Hello guys, i’m suffering this issue a lot lately, here is the issue tracker item:
opened 04:44PM - 17 Jan 25 UTC
bug
### Describe the bug
# Bluefin Bug Report: System instability with recurring GP… U errors and NVMe issues
## System Information
- **OS**: Bluefin 40 (FROM Fedora Silverblue)
- **Kernel**: Linux 6.11.8-200.fc40.x86_64
- **Hardware**: ASUS TUF GAMING X570-PLUS (WI-FI)
- **GPU**: AMD Radeon Vega Series (Picasso/Raven 2)
- **Driver**: xorg-x11-drv-amdgpu-23.0.0-3
- **Memory**: 32GB (29Gi available)
- **Current Version**: gts-40.20250115 (2025-01-15T01:08:05Z)
## Issue Description
System experiences frequent unrecoverable hangs (that lasts minutes until the OS crashes) after running for a while.
IA analysis of the logs suggest that the crashes appear to be related to GPU driver issues and NVMe storage problems.
## Critical Errors
### 1. GPU-related errors
```
amdgpu 0000:0a:00.0: amdgpu: Secure display: Generic Failure
amdgpu 0000:0a:00.0: amdgpu: SECUREDISPLAY: query securedisplay TA failed. ret 0x0
```
### 2. NVMe errors
```
nvme nvme0: failed to set APST feature (2)
nvme nvme1: failed to set APST feature (2)
```
### 3. System service errors
```
systemd[3217]: Failed to start app-gnome-gnome\x2dkeyring\x2dssh-3529.scope
systemd[3217]: Failed to start app-gnome-xdg\x2duser\x2ddirs-3556.scope
```
### 4. Display manager errors
```
gdm[1812]: Gdm: on_display_added: assertion 'GDM_IS_REMOTE_DISPLAY (display)' failed
gdm[1812]: Gdm: on_display_removed: assertion 'GDM_IS_REMOTE_DISPLAY (display)' failed
```
## System State
- Memory usage is normal (23GB free, no swap used)

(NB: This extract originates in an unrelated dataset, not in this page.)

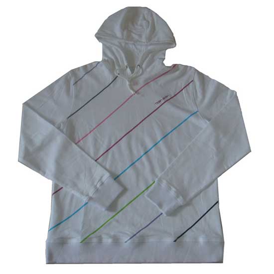 Featured is a sweater with a drawstring hood. The colorful diagonal lines on the front add a retro touch. Update your wardrobe with this sporty hooded sweater.

- System load is normal (load average: 0.07, 0.19, 0.23)
- GPU temperature: 36.0°C (normal)
- NVMe temperatures: 33.9°C and 35.9°C (normal)
## Installed Packages
### Layered Packages
```
docker-compose
eza
java-17-openjdk-devel
nodejs
unetbootin
```
### Local Packages
```
appimagelauncher-2.2.0-travis995~0f91801.x86_64
balena-etcher-1.19.21-1.x86_64
```
## Steps to Reproduce
1. Normal system usage after fresh boot
2. System becomes unstable after some time
3. Eventually crashes or hangs
## Additional Notes
- Issues persist across reboots
- GPU errors appear consistently in system logs
- Both NVMe drives show APST errors during boot
- Multiple GNOME-related services fail to start properly
- System is running a recent deployment from January 15, 2025
## Attempted Solutions
- Cleared and Updated the system using ujust related commands
- Ran programmed and frecuente memory freeing commands
- Reporting issue to track the problem and get assistance with resolving the GPU and NVMe-related errors.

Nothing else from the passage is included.